Dataset extract ::
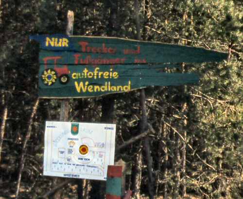 Der Wegweiser zum Hüttendorf in Gorleben |
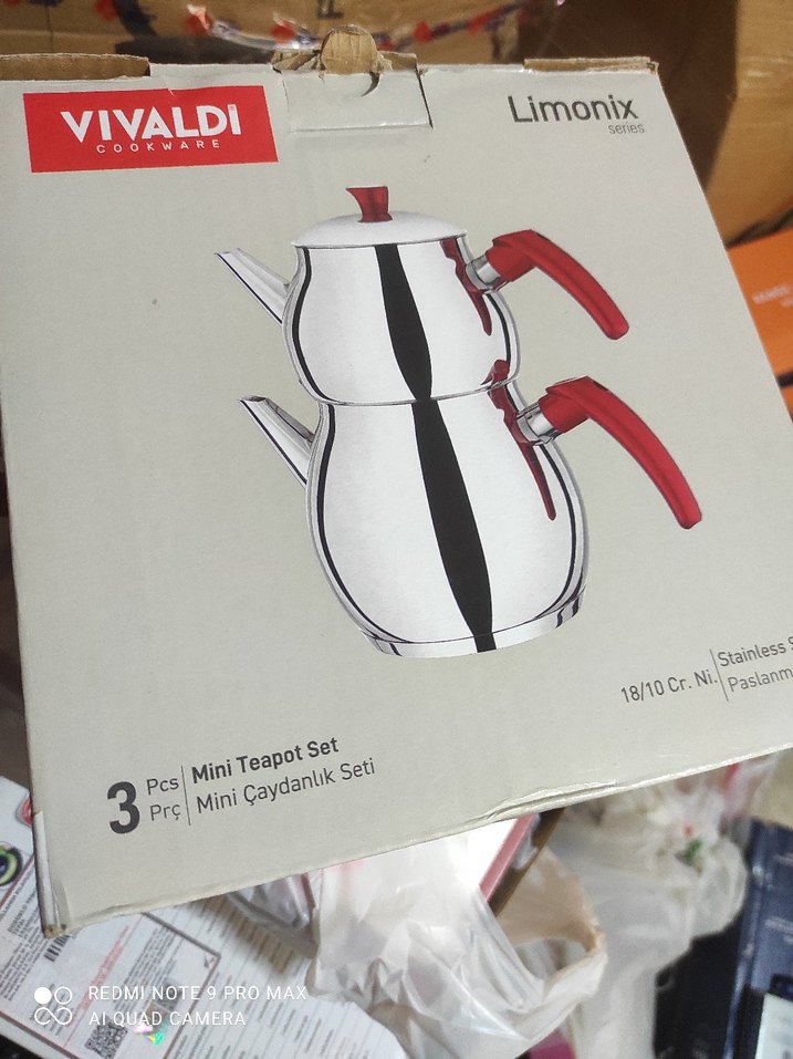 Vivaldi mini çaydanlık seti, kırmızı kulplu 3 paslanmaz çelik parçadan oluşur. Kolay demleme ve servis sağlar.
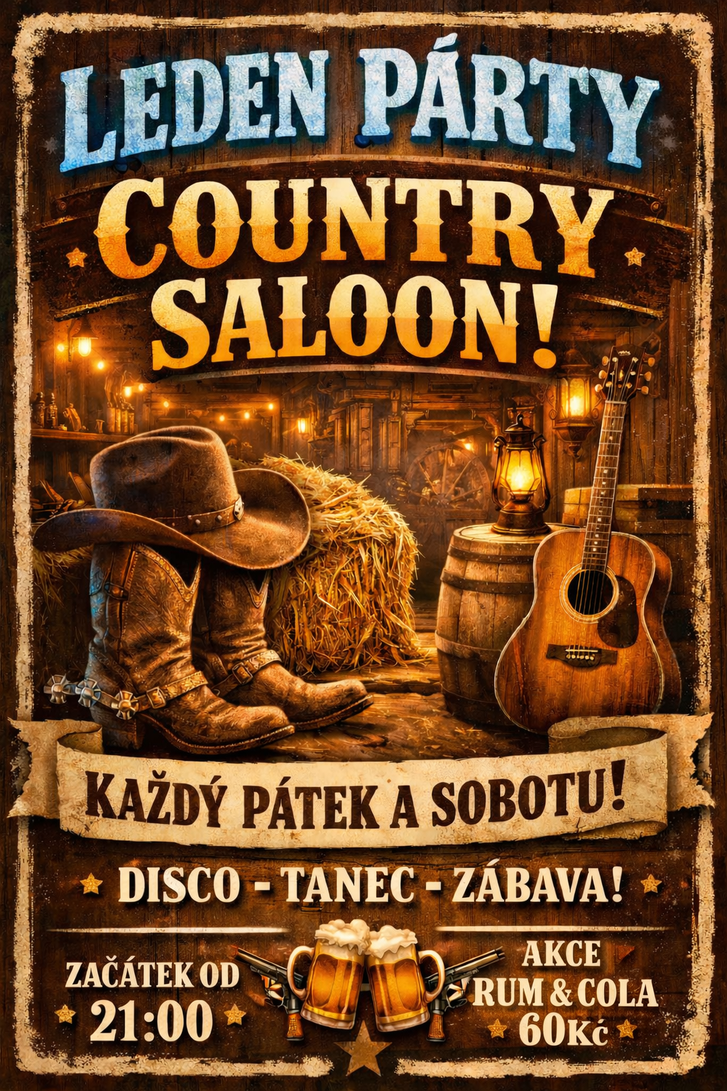 Restaurace Country Saloon ve dřevěném stylu se nachází v centru Jablonce nad Nisou. Máme pro zákazníky velkou kapacitu míst, mezi nimi patří salonek, velký sál, zimní zahrada a letní terasa k dizpozici pro nejrůznější akce. DISCO PÁTEK SOBOTA 21:00 - 04:00
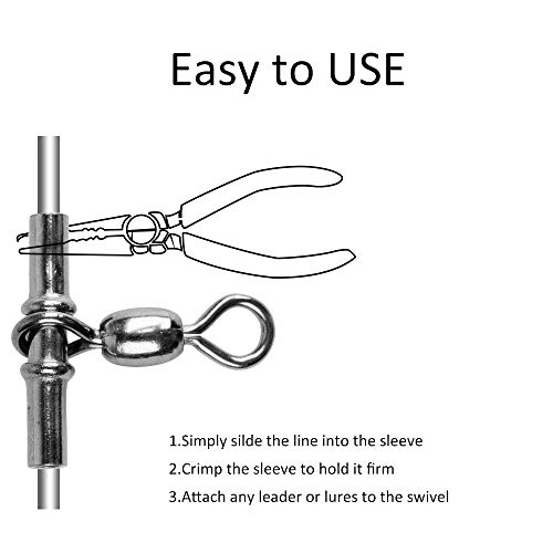 Einfach zu bedienen: Einfach die Schnur in die Hülse anfügen und die Hülse drücken, um sie fest zu halten. Also stützen Sie Vorfächer oder Köder am Drehgelenk.
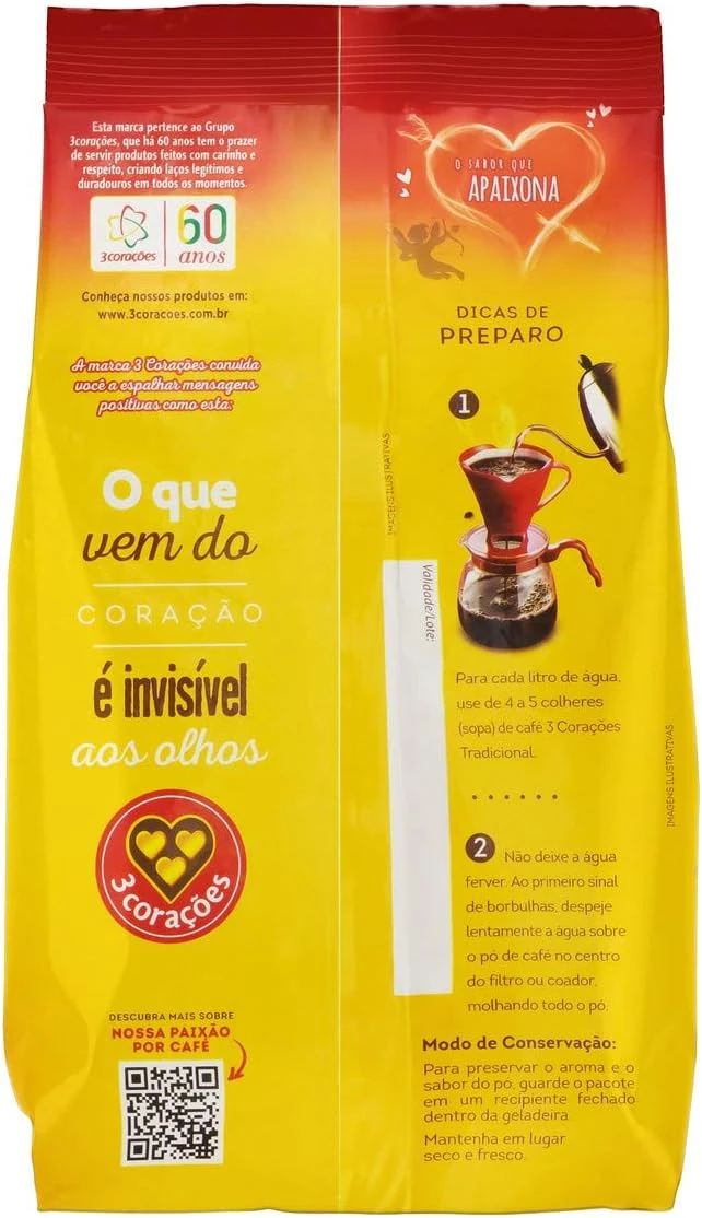 Há mais de 40 anos, o Café 3 Corações Tradicional leva a mesa dos consumidores, o prazer do sabor equilibrado, forte, com aroma intenso e que promove a cada amanhecer, experiências apaixonantes ao lado de quem mais amamos. Um clássico com qualidade de origem mineira, trazendo de suas raízes o gosto perfeito a cada xícara.
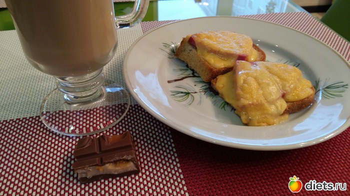 А чет ничего не было, быстренько под гриль минут на 7 в духовку засунула колбаска докторская и сыр на хлебушке
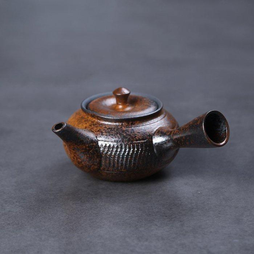 【返璞小居】日式茶具粗陶側把壺 宜興紫砂茶壺 陶壺 功夫茶具 窯變陶製茶具茶壺
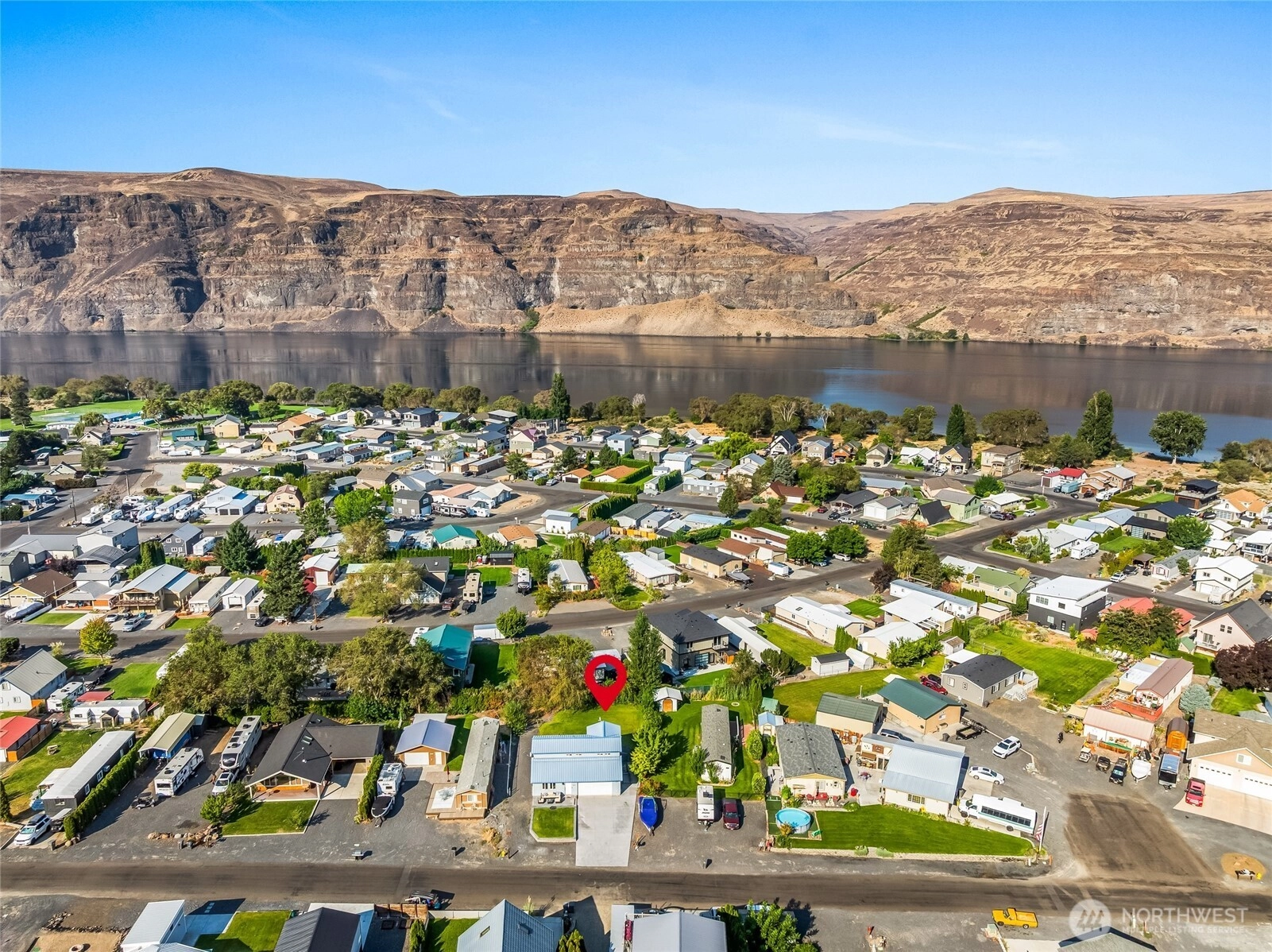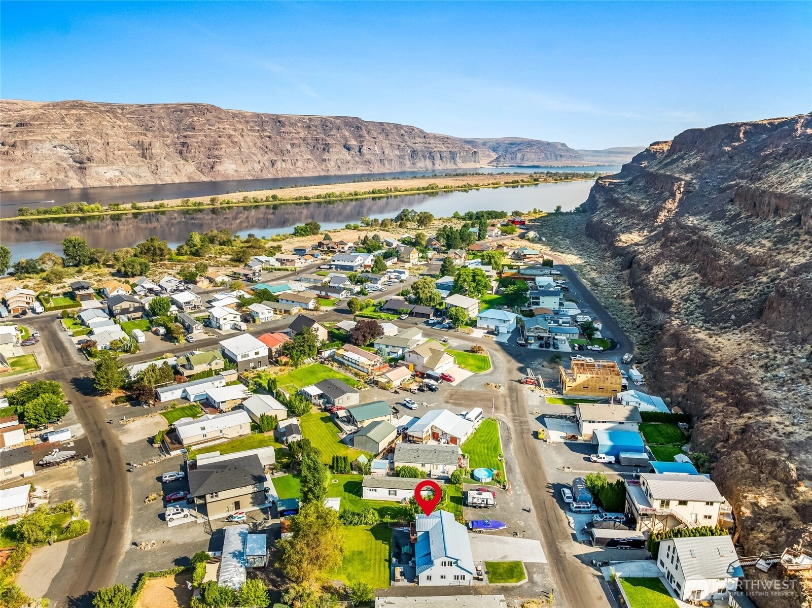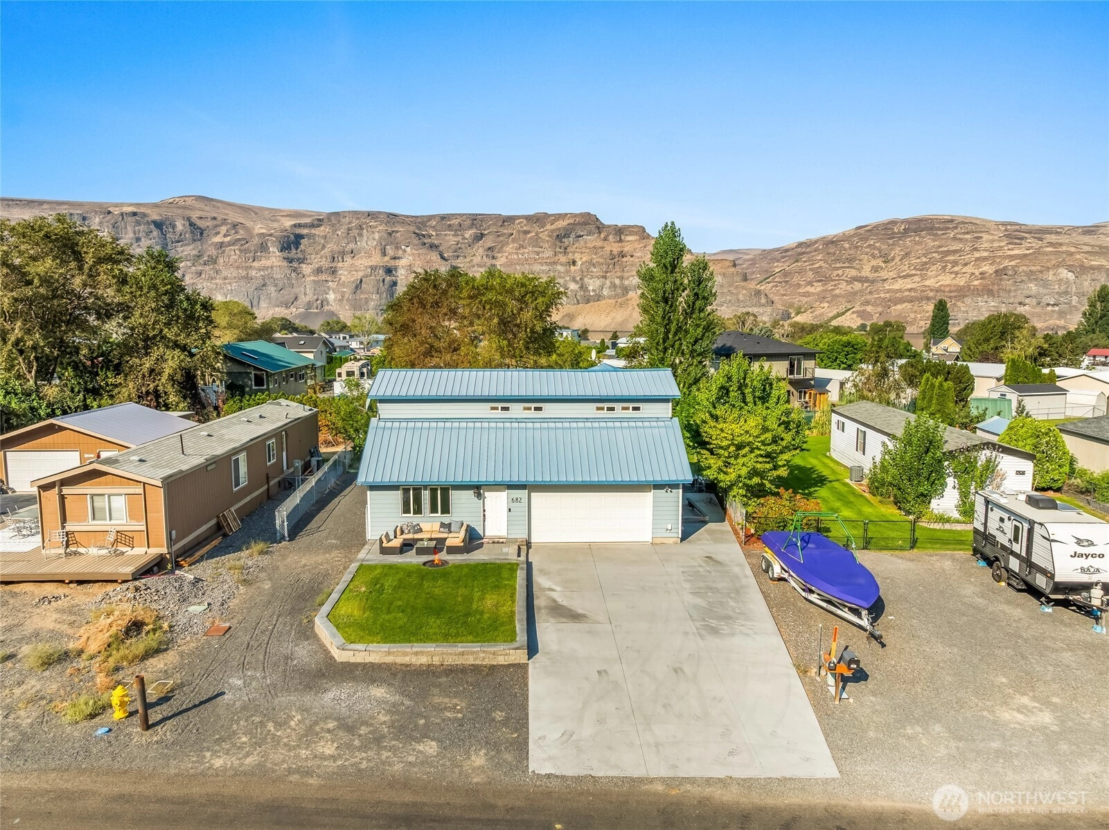 Sunland Estates stick-built home fully furnished and Airbnb-ready! This 2-bedroom, 2-bath retreat offers a bright living room, open kitchen & dining area w/ eating bar. Upstairs features two spacious bedrooms and full bath, w/ potential to add a third for more guests or rental income. Main floor laundry doubles as a bath with shower. Enjoy outdoor living with two patios—one with a built-in firepit—and a fenced backyard ready to personalize. Plenty of room for RVs, boats, and guests, plus a 28x21 oversized garage for storage & toys. Relax with sweeping Basalt Mountain views, just minutes to the community pool, park, store, boat launch & Riverside restaurant. Perfect for a vacation getaway/investment in our vibrant Columbia River community!
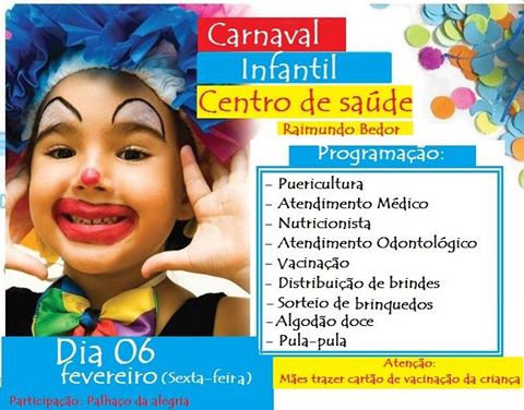 Segundo a Secretaria Municipal de Saúde, o carnaval infantil acontecerá no dia 6 de fevereiro, a partir das 8h, no Centro de Saúde.
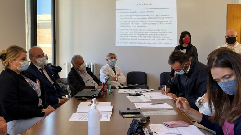 Si è tenuta questa mattina, presso Sala Riunioni della Direzione Generale della Asl di Pescara la conferenza stampa dal titolo “Efficacia vaccini anti Covid-19: lo studio dei dati della ASL di Pescara elaborati dall’Università di Ferrara”, volta alla presentazione dello studio condotto dall’Università di Ferrara sull’efficacia dei vaccini anti Covid-19 somministrati nella Asl di Pescara.
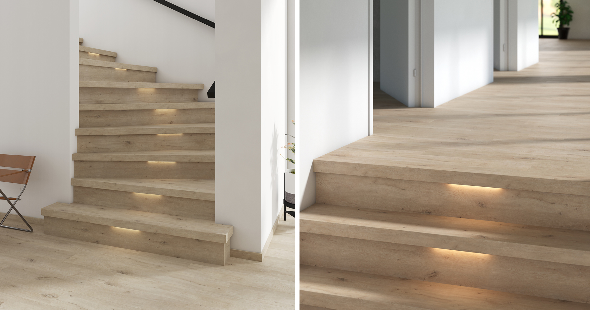 Il est également possible de rénover votre escalier avec Coretec® Stairs. Vous profitez ainsi des mêmes avantages que pour vos sols Coretec®, tout en créant une harmonie parfaite dans votre intérieur.
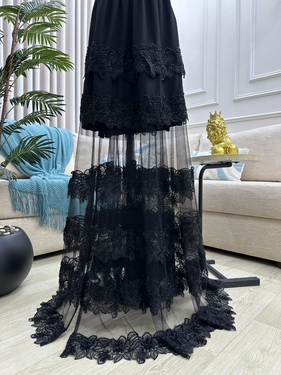 - الخامة: دانتيل فاخر مع قماش شفاف مطرّز
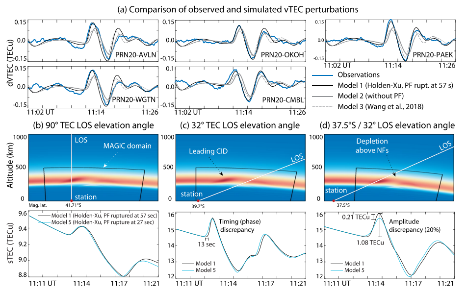 好了,且不问具体的技术手段,现在我们得到了观测数据,要拟合上断层破裂,好像还差了十万八千里。我们再来看看具体的技术流程:首先采用本次地震事件中较好的两个有限断层模型。然后通过空间物理的模型,模拟在这样的断层模型下次声波的传播,最后通过次声波的传播去模拟电离层总电子含量的变化。具体的物理量转化,这里就不细究了
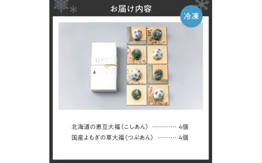 北海道の恵み豆大福4個×国産よもぎの草大福4個セット
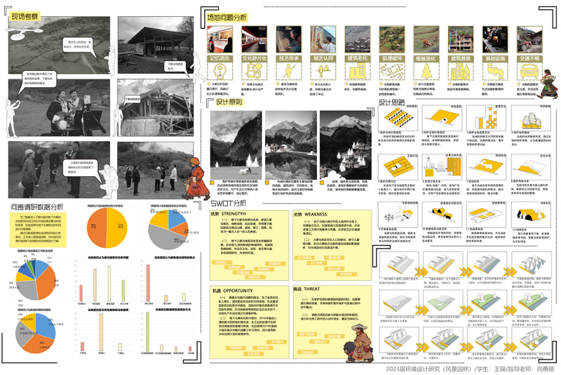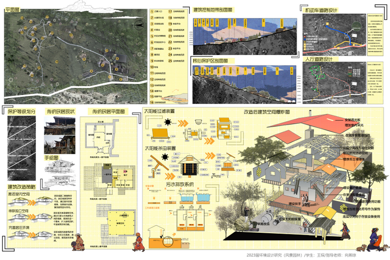 作品简介:本次设计位于九寨沟县中查村格下古寨,格下古寨被为第四批传统村落。处在环境优美的山区之间,而古寨现有发展与时代有些脱节,古寨的文化随时间也消亡,古寨的活力随着人口的流失正在丧失。通过对当地进行实地考察后,分析村落景观保护中存在的问题,并结合乡村振兴的国家政策,设计上在保留古寨原有的风貌和格局下,以微介入的手段优化古寨现有建筑的功能保护性设计解当地生态环境被破坏、缺乏基础设施等问题,为当地居民提供生态宜居的生产生活环境,让当地历史文化得到保护与传承。传统村落蕴含着许多不可再生的非物质文化,对于它的保护,不仅是村落自身的保护,更是对中国传统文化和文明的保护和传承,这也是本次设计的初衷。

How to complete this task :: Write out exactly the lines between the start of the data and the line with "陶壺 功夫茶具 窯變陶製茶具茶壺", including both, but none of the pictures.

Answer to the exercise ::
 Der Wegweiser zum Hüttendorf in Gorleben |
 Vivaldi mini çaydanlık seti, kırmızı kulplu 3 paslanmaz çelik parçadan oluşur. Kolay demleme ve servis sağlar.
 Restaurace Country Saloon ve dřevěném stylu se nachází v centru Jablonce nad Nisou. Máme pro zákazníky velkou kapacitu míst, mezi nimi patří salonek, velký sál, zimní zahrada a letní terasa k dizpozici pro nejrůznější akce. DISCO PÁTEK SOBOTA 21:00 - 04:00
 Einfach zu bedienen: Einfach die Schnur in die Hülse anfügen und die Hülse drücken, um sie fest zu halten. Also stützen Sie Vorfächer oder Köder am Drehgelenk.
 Há mais de 40 anos, o Café 3 Corações Tradicional leva a mesa dos consumidores, o prazer do sabor equilibrado, forte, com aroma intenso e que promove a cada amanhecer, experiências apaixonantes ao lado de quem mais amamos. Um clássico com qualidade de origem mineira, trazendo de suas raízes o gosto perfeito a cada xícara.
 А чет ничего не было, быстренько под гриль минут на 7 в духовку засунула колбаска докторская и сыр на хлебушке
 【返璞小居】日式茶具粗陶側把壺 宜興紫砂茶壺 陶壺 功夫茶具 窯變陶製茶具茶壺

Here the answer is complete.